Maureen Ryan Column on Torchwood - July 1, 2009
Discussion of either the content of the plays or the miniseries needs spoiler
Originally posted: July 1, 2009
Air dates for 'Doctor Who' and a 'Torchwood' rave
I've now seen the first three episodes of "Torchwood: Children of Earth," and it's fantastic. I agree with TV Guide magazine critic Matt Roush, who calls it the "TV event of the summer."
Here's my take on the "Children of Earth," which airs five consecutive nights starting July 20: It's the best thing BBC America has broadcast since it aired the original British version of "The Office."
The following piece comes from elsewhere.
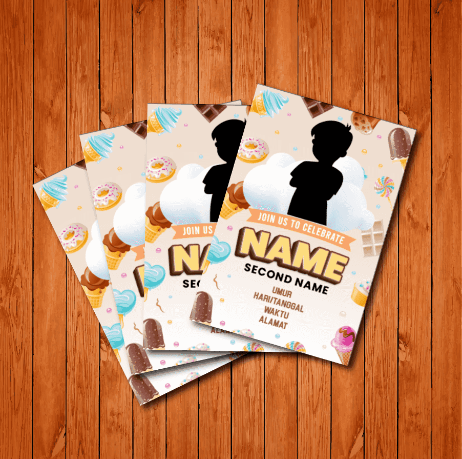 Undangan ulang tahun ini memiliki desain yang ceria dan manis, dihiasi dengan berbagai ilustrasi es krim, coklat, permen, donat, dan marshmallow, menc...

Two things you need to know about "Children of Earth": It's a thriller, one of the most effective ones I've seen on TV in some time. Yes, "Torchwood" is a spinoff of "Doctor Who" and thus could be classified as a sci-fi show, but these five episodes expertly rachet up the tension while providing the enjoyable character drama fans have come to know and love. If this is sci-fi, it's sci-fi that non-genre fans can definitely love.
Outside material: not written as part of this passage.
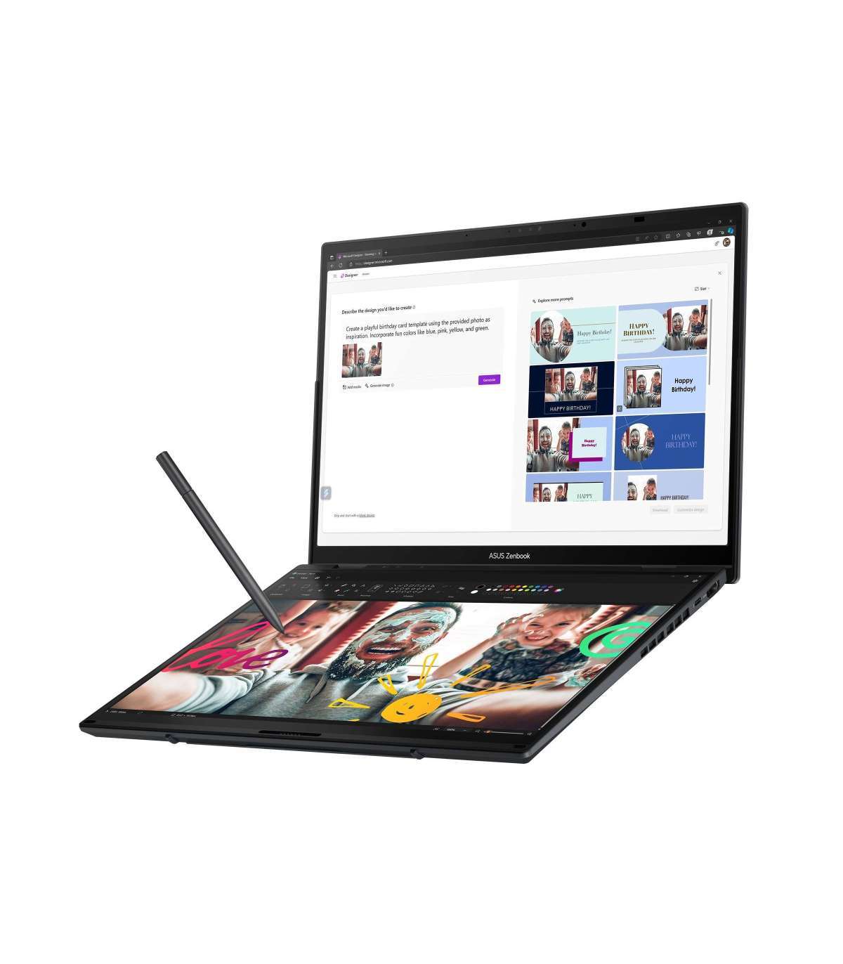 Asus Zenbook Duo UX8406CA-PZ009W | Basalt Gray | 14 " | OLED | Touchscreen | 3K | 2880 x 1800 pixels | Glossy | Intel Core Ultra 9 | 285H | 32 GB | LPDDR5X | Solid-state drive capacity 2000 GB | Intel Arc Graphics | Windows 11 Home | 802.11be | Bluetooth version 5.4 | Keyboard language English

Also, you don't need to have seen "Torchwood" before you watch "Children of Earth." It works fine if you've never seen the drama before. Of course, for fans of the irreverent show, it'll be extra-fun, but no previous knowledge is necessary.
Prior seasons of "Torchwood" have aired on BBC2 and BBC3 in the UK. But creator Russell T Davies said in a Tuesday interview that since "Children of Earth" will air on BBC 1 -- the biggest network in the UK -- the goal was to make it accessible to newcomers.
In the third season of a show, "there's a danger you can settle for preaching to the converted." But he wants to "reach out to absolutely everyone and hopefully get some new viewers," he said.
Viewers will learn some dark things about Captain Jack Harkness (John Barrowman) in "Children of Earth," and I asked Davies if there was a limit to how far he could take the frequently heroic character.
"With a good character and actor, as far as you want," he said. "I think the audience is very intelligent and they don't like it when you handle a character with kid gloves. Good drama exposes people's faults, that's what we empathize with."
Viewers will learn more about Ianto (Gareth David-Lloyd) and Gwen (Eve Myles) as well (and by the way, what a crackling core cast this show has). "This is what I would have done no matter what," even if Season 3 had not been a compressed 5-episode experiment, Davies said. "It's simply time to explore the backgrounds a bit... It was time to expand and explore every connection."
One final note: Peter Capaldi is fantastic as Mr. Frobisher, a man who seems like a gray bureaucrat at first but whose role becomes extremely ambiguous throughout the course of the series, which airs July 6-10 in England.
I'll have much more from Davies and from Barrowman, who plays Captain Jack, when I do a longer "Torchwood" piece later in July, but I had to share a couple of "Doctor Who" details I wrangled from Davies in that Tuesday interview (and there are a few bits and pieces from a recent Barrowman interview here).
Davies relaunched the "Doctor Who" franchise to great success four years ago, but after a series of 2009 specials starring the current Doctor, David Tennant, a new season of "Doctor Who" will begin in the spring of 2010 with Matt Smith as the title character and Steven Moffat as the head writer.
Regarding those Tennant "Doctor Who" specials, "Planet of the Dead" airs July 26 on BBC America. There are three specials after that, and BBC America has confirmed that they will air in this country in around the end of the year. (For a recent interview with Tennant, look here.)
"Waters of Mars" is expected to air in November in the UK, and it should air in this country that month as well. Tennant's last outing as the Doctor is in a two-parter that airs in England on or around Christmas Day and New Years' Day. And those final Tennant specials will air on BBC America around those dates in this country as well.
Davies would not say much about Tennant's final three episodes, except to confirm Lindsay Duncan as the companion in "Waters of Mars" and Bernard Cribben as the companion in the final two-parter.
Davies said there's "enormous amounts of fun" and some good comedy with the alien species in those last two episodes, but there's also an undercurrent of sadness. "It's not a matter of me saying, 'Shall I be dark?' There's this meta-textual game with 'Doctor Who' -- everyone knows David is leaving. You can't avoid that fact, you can't have him walk into a door and regenerate. Everyone knows death is coming. That informs the drama," Davies said.
The final two episodes are Tennant's "finest hour by a million miles," he added.
Would he confirm any of the other casting for the final two Tennant specials? No, with a genial Welsh laugh, he would not.
But he did say that, though he'll stick with "Torchwood" and "The Sarah Jane Adventures," his next project will not be a genre piece. He's "dying" to write a 9 p.m. BBC drama set in the modern-day, entirely real world, he said.
As I said, I'll have fuller transcripts from Davies and Barrowman soon.